Thursday, 14 January 2010

US recovery broadens, Japanese machinery orders plunge

The US economic recovery appears to be broadening. From Bloomberg on Wednesday:

The U.S. economy improved in 10 of the Federal Reserve’s 12 districts last month, marking a broadening of the recovery, the central bank said today.

“While economic activity remains at a low level, conditions have improved modestly further,” the Fed said in its Beige Book business survey, published two weeks before the Federal Open Market Committee meets to set monetary policy. The Philadelphia and Richmond Fed districts were the exceptions, reporting “mixed conditions.”

But data today show that Japan's recovery remains fragile. Again from Bloomberg:

Japan’s reliance on exports deepened after machinery orders from service companies plunged the most in more than two decades in November.

Orders from non-manufactures dropped 10.6 percent to 380.7 billion yen ($4.15 billion), the lowest since May 1987, the Cabinet Office said today in Tokyo...

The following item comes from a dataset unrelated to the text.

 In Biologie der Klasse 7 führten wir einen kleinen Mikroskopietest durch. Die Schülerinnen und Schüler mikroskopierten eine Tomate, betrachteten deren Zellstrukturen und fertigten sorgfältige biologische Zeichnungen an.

Core orders, which exclude shipbuilding and utilities, slid 11.3 percent in November to 625.3 billion yen, the lowest monthly booking since comparable data were first compiled in April 1987, today’s report showed. The drop was the sharpest in a year and worse than all 25 estimates of economists surveyed by Bloomberg...

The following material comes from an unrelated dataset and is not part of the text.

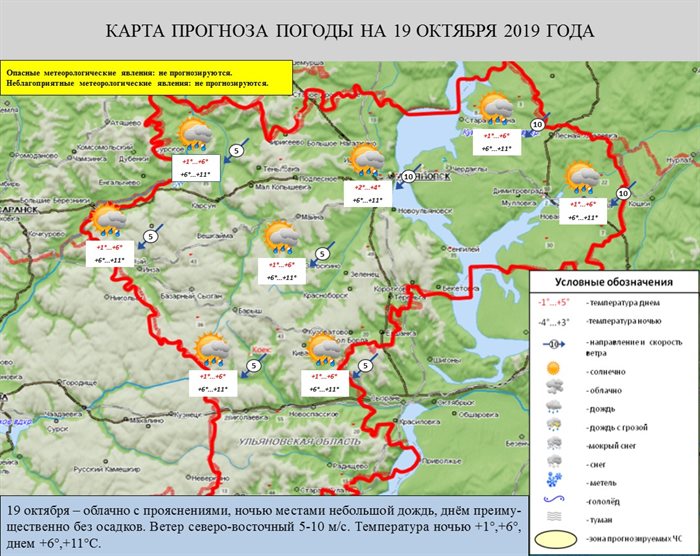 19 октября в Ульяновской области прогнозируется облачная погода с прояснениями, преимущественно без осадков.

Other data released today indicate though that the deflationary pressure in Japan may be easing. From Reuters:

Japanese wholesale prices fell 3.9 percent in the year to December, matching a median estimate from analysts, in a sign of persistent deflation due to weak domestic demand.

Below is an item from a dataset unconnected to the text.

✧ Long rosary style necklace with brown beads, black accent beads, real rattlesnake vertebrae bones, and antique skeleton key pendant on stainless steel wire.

But the pace of annual decline in the corporate goods price index (CGPI) slowed for the fourth straight month after peaking at 8.5 percent in July and August, Bank of Japan data showed on Thursday, reflecting the waning effect of oil price drops.

Speaking of deflation, Richard Alford has a post at naked capitalism claiming that "the US did not experience deflation at any point between 1996 and 2006, nor were there imminent bouts of deflation" and that therefore, in "so far as the interest rate reductions in 2001-2003 and the painfully slow tightening cycle that ended in 2006 reflected fear of a domestic demand induced deflation, monetary policy was inappropriate".